Parasitics as primary design parameters

In high‑frequency GaN converters, parasitic elements such as leakage inductance, interwinding capacitance, and self‑resonant frequency become primary design parameters rather than secondary side‑effects.

Important practical implications:

• Leakage inductance $L_{\text{leak}}$​: A few nanohenries in the wrong location in a high‑frequency switching node can severely distort waveforms and compromise ZVS. Precise control of leakage is required, especially in LLC and DAB‑like topologies.
• Interwinding capacitance $C_{\text{pw}}$​: Excessive capacitance between primary and secondary raises common‑mode noise, complicates EMI compliance, and can alter resonant behavior. Design techniques deliberately reduce $C_{\text{pw}}$ from figure‑of‑hundreds of picofarads to tens of picofarads.
• Self‑resonant frequency $f_{\text{SR}}$​: The combination of leakage inductance and interwinding capacitance determines the self‑resonant frequency of the transformer. Designs must ensure $f_{\text{SR}}$​ stays above the operating frequency by an adequate margin.

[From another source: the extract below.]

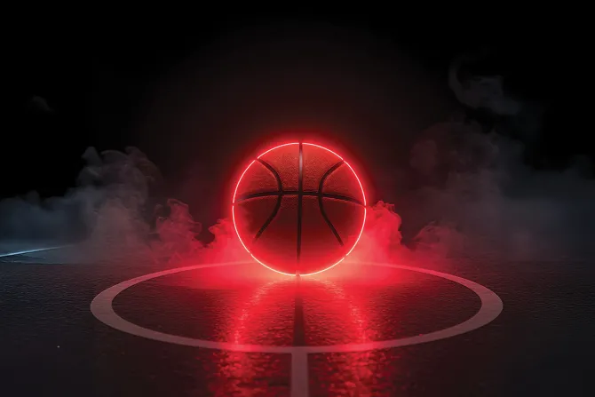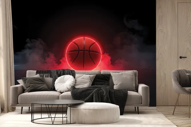 Fototapeta: Piłka do koszykówki z neonem we mgle

Consequently, designers must treat these parasitics as explicit targets in the design process, not as values to be measured at the end.

Case Studies

Case	Topology / construction	Key idea	Example Case Values	Why it matters
Case 1	Planar 4:1 transformer with integrated resonant capacitor	Resonant capacitor placed in the middle of the primary winding	4:1 ratio; about 6 nH total resonant inductance	Shows how geometry can dominate the electrical arrangement
Case 2	Hybrid transformer with litz primary, copper stamps, and separate inductive function	Parallel inductive path used to set magnetizing inductance without adding multiple gaps in the planar body	400 V to 50 V; 3.3 kW; 0.5–1.5 MHz; (L_r \approx 1.6\,\mu H); (L_m \approx 10\,\mu H)	Good example of controlling fringing and magnetizing inductance in LLC design
Case 3	Fully planar transformer on multilayer PCB with flexible PCB sections	Layer spacing used to control primary-to-secondary capacitance	3.2 kW; 0.5 MHz; 12 layers; 1 oz copper; about 1 mm spacing	Demonstrates practical capacitance control in planar construction

Case study 1: Planar transformer with embedded resonant capacitor

The first case study describes a compact planar LLC transformer using a Hitachi ML91S planar core with two columns, driven by an EPC2218 GaN half‑bridge at high frequency.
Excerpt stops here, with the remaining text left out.